Give back, unaltered, the lines from the one with "Hawaiian Large Seashell" to the end of the material, omitting pictures.

*** Opening Given information ***

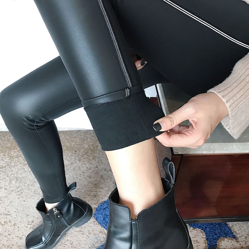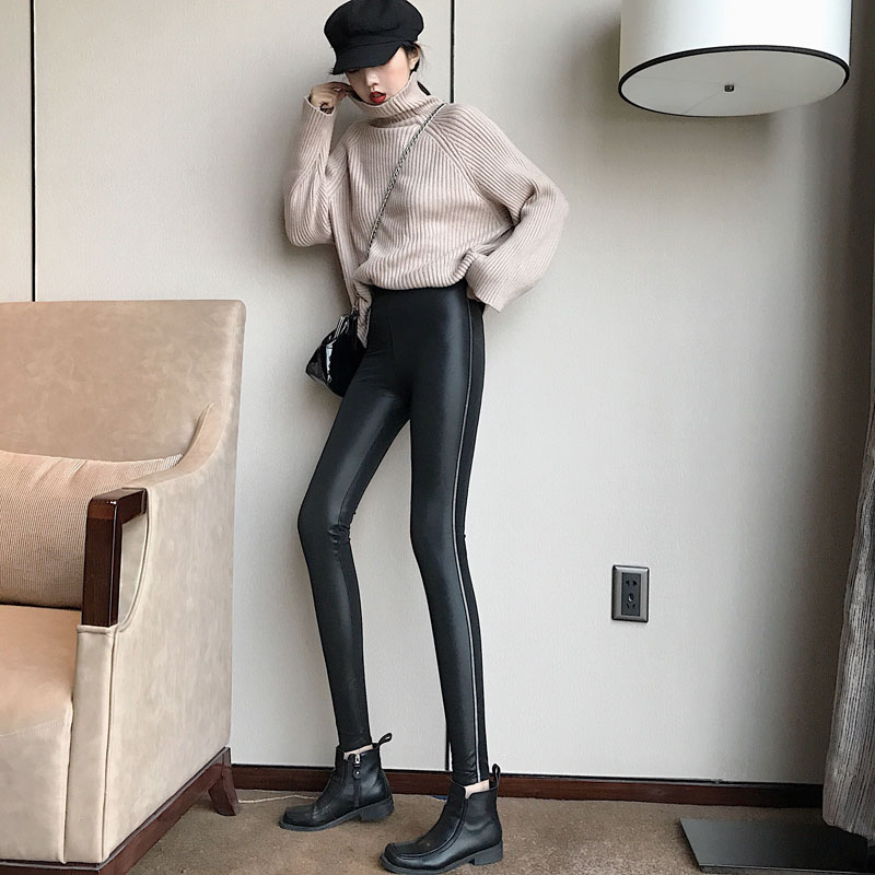 褲子女秋冬2018新款時尚chic白條拼接pu皮褲外穿緊身小腳鉛筆褲潮
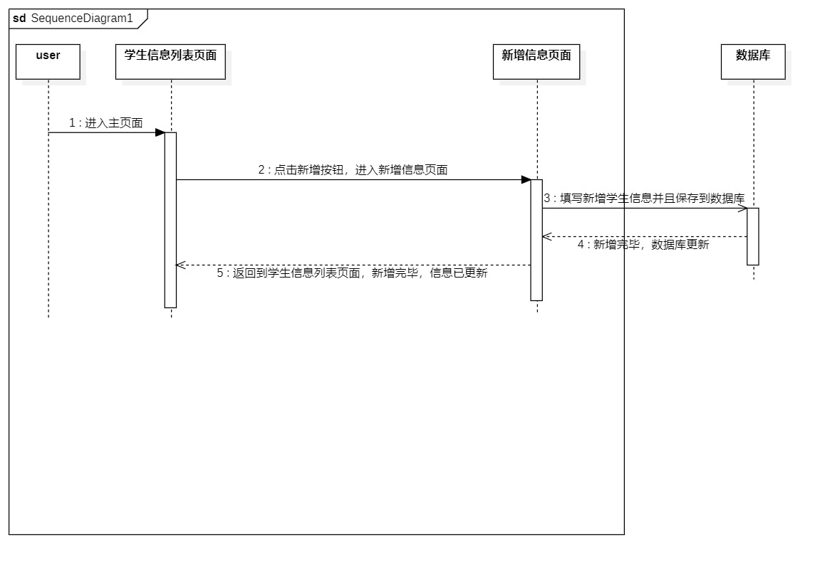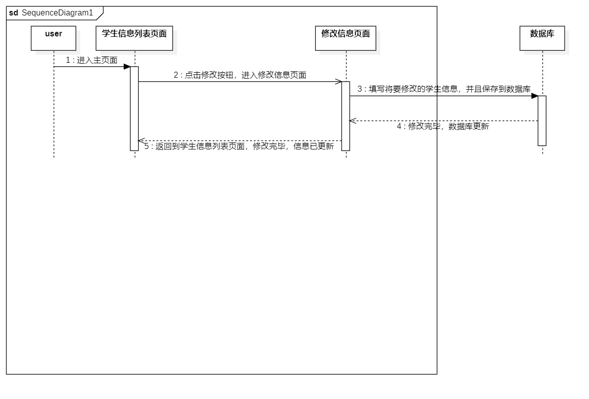 任务3:结合实验五中学生信息增、删、改的操作过程,绘制某一user对象完成学生信息增、删、改的顺序图,除user对象外,顺序图中其他对象需为实验五资源包中定义的类对象。
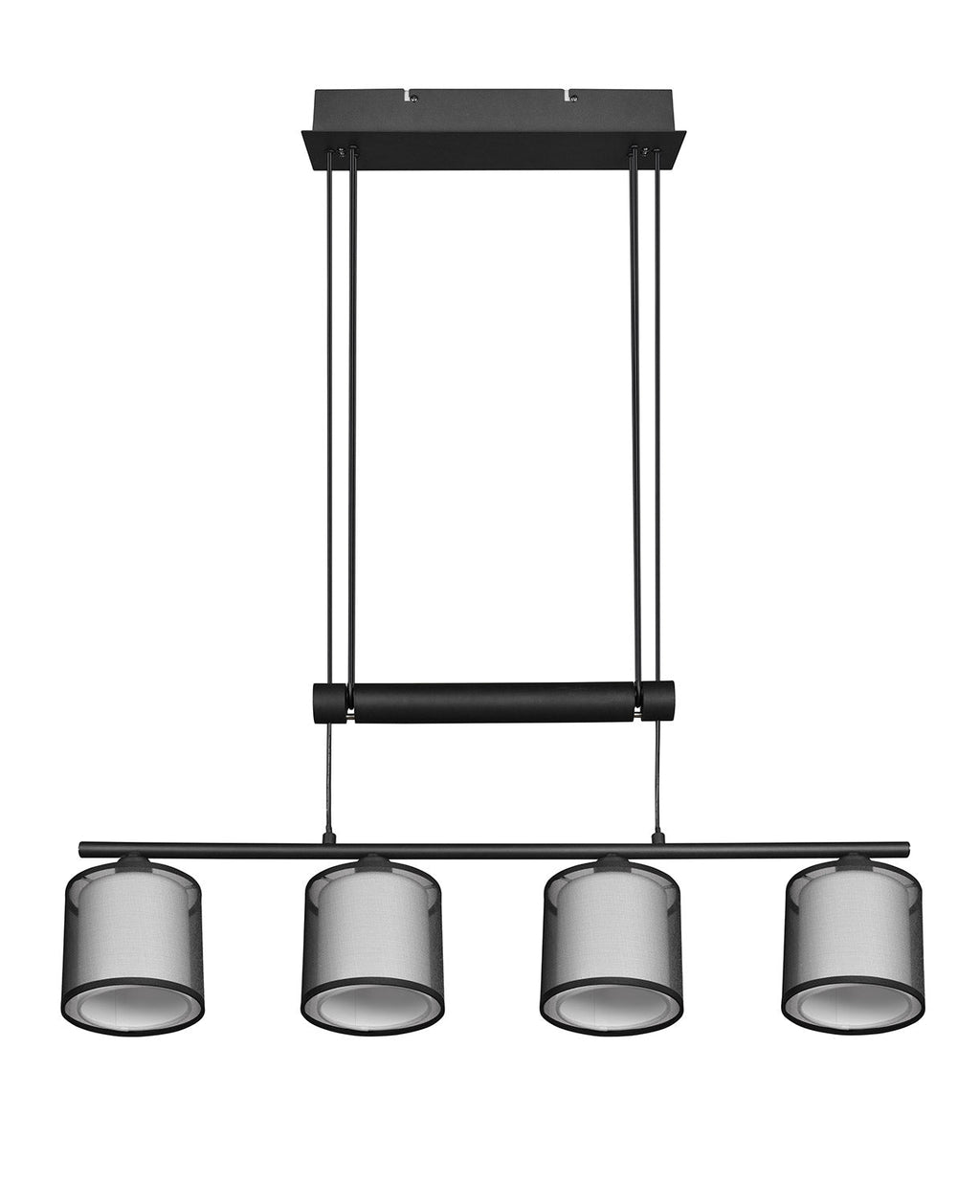 Burton Sospensione Metallo Nero 4 Paralumi Bianchi e Diffusori Esterni Traforati Neri con Sistema di Regolazione Altezza A Bilancere L. 83Cm
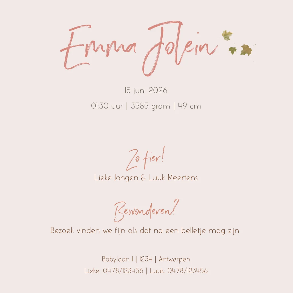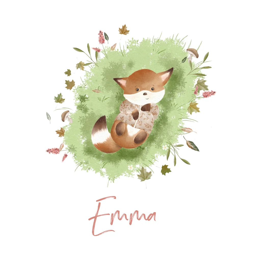 Schattig geboortekaartje in herfst thema met een vosje die ligt in het gras.
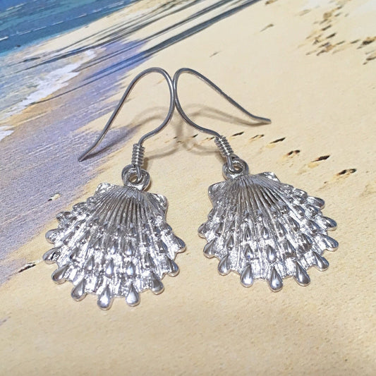 Hawaiian Large Seashell Earrings, Sterling Silver Sea Shell Dangle Earrings, W4143 Mother Birthday Mom Gift
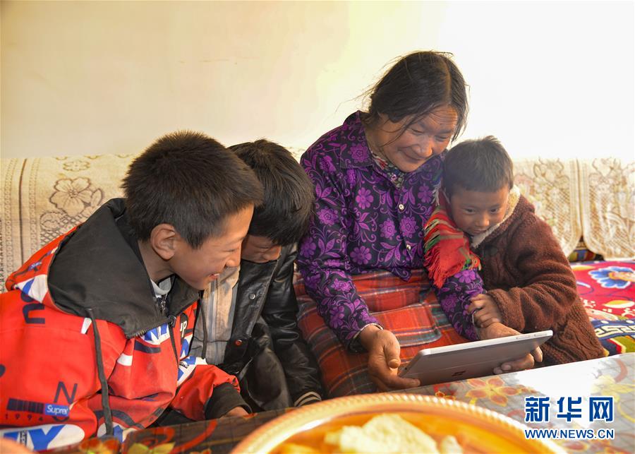 在西藏山南市贡嘎县森布日安置点的新家里,看到记者从双湖带来爸爸妈妈的视频留言,15岁的尼玛次仁(左一)和奶奶以及弟弟妹妹笑得合不拢嘴(1月12日摄)。新华社记者田金文摄
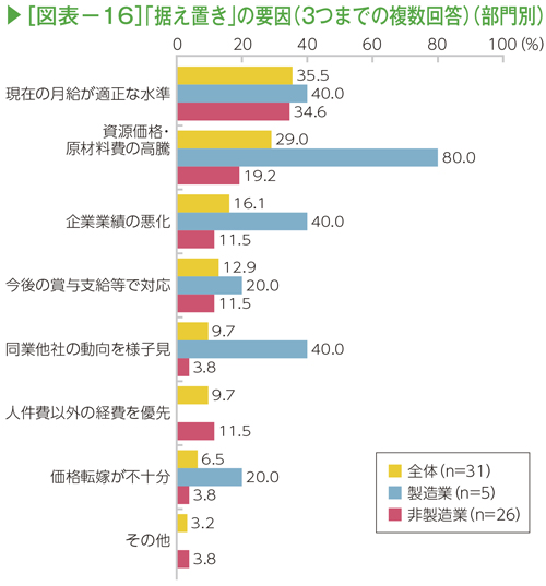 今年度の見通しを「据え置き」と回答した要因について、全体では「現在の月給が適正な水準」が35.5%と最も高く、次いで「資源価格・原材料費の高騰」(29.0%)が続く(図表-16)。

*** Closing Given information ***

Result of this exercise
 Hawaiian Large Seashell Earrings, Sterling Silver Sea Shell Dangle Earrings, W4143 Mother Birthday Mom Gift
 在西藏山南市贡嘎县森布日安置点的新家里,看到记者从双湖带来爸爸妈妈的视频留言,15岁的尼玛次仁(左一)和奶奶以及弟弟妹妹笑得合不拢嘴(1月12日摄)。新华社记者田金文摄
 今年度の見通しを「据え置き」と回答した要因について、全体では「現在の月給が適正な水準」が35.5%と最も高く、次いで「資源価格・原材料費の高騰」(29.0%)が続く(図表-16)。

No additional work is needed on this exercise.